On the shores of the Black Sea, the World Bank report says a rise in the water level is threatening numerous ports and towns along the Russian, Ukrainian, and Georgian coasts.

In the Arctic, where temperatures have been warming at about twice the global rate, the melting of the permafrost is leading to the collapse of exposed buildings and infrastructure.

Watch: U.S. photographer Julia Calfee spent several months in the Swiss Alps taking pictures and sound recordings to document the changes in a glacier as local temperatures rise.

Extra Time To Prepare?

There have been optimistic claims that a warmer climate and abundant precipitation in Russia, Ukraine, and Kazakhstan could boost agricultural production. But Fay says climate alone is not enough to compensate for the region's already low yield:

"The benefits that could be obtained by just catching up to Western standards of agricultural productivity are about four to five times greater than the benefits that could be derived from the warming climate," Fay says. "So, unless the region starts adapting to its current climate, increasing its productivity in the agricultural sector, we're very unlikely to see the region being able to benefit [from climate change]."

According to the World Bank, while world grain yields have been growing on average by about 1.5 percent per year, they have been falling or stagnant in Russia, Ukraine, and Kazakhstan.

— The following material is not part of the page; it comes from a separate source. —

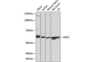 This gene encodes a family member of serine/threonine p21-activating kinases, known as PAK proteins. These proteins are critical effectors that link RhoGTPases to cytoskeleton reorganization and nuclear signaling, and they serve as targets for the small GTP binding proteins Cdc42 and Rac. This specific family member regulates cell motility and morphology. Alternatively spliced transcript variants encoding different isoforms have been found for this gene. [provided by RefSeq, Apr 2010],PAK1,PAKalpha,Apoptosis,Cancer,Cell Biology & Developmental Biology,Cytoskeleton,Cytoskeleton_Actins,Cytoskeleton_Microtubules,Epigenetics & Nuclear Signaling,ErbB-HER Signaling Pathway,Immunology & Inflammation,Kinase,Kinase_Serine/threonine kinases,MAPK-Erk Signaling Pathway,Protein phosphorylation,Signal Transduction,TGF-b-Smad Signaling Pathway,PAK1
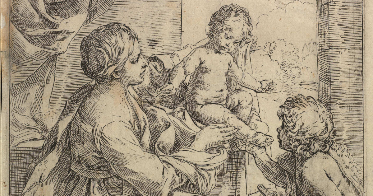 El asunto que trata la imagen es muy característico de las estampas religiosas de los siglos XVI y XVII. Aquí San Juanito se dispone a besar el pie del Niño Jesús, acompañado por la Virgen María. Guido Reni (1575 -1642) fue uno de los pintores más destacados del Barroco italiano. Activo en Bolonia y también en Roma, Reni alcanzó una gran fama gracias a sus pinturas y grabados, no solo en Italia sino también en otros países europeos como Francia y España. Grabó alrededor de cuarenta aguafuertes enorme calidad con un estilo muy libre y personal. La BNE conserva también una copia invertida de esta estampa publicada por A. Bonenfant.

Vehicle tracks on melting tundra near Novy Urengov (file photo)
The northern parts of the region are projected to see greater temperature changes in winter, with the number of days with sub-zero temperatures declining by 14-30 days a year over the next 20 to 40 years.

Southern regions, meanwhile, are expected to see the number of days with extremely hot temperatures increasing by 22-37 days a year.

However, Fay says the impact of climate change in the former Soviet space will likely remain manageable over the next decade, thereby offering the region some time to prepare for the change.

"The region] has a window of opportunity over the next 10 to 15 years where we're unlikely to see massive [climate] changes [and] during which the governments and individuals in the region can take smart decisions that carry a lot of co-benefits," she says.

Fay says improving water resource management, tackling environmental pollution problems, upgrading neglected infrastructure, and strengthening disaster management will also make the local populations "healthier" and their economic systems "more robust."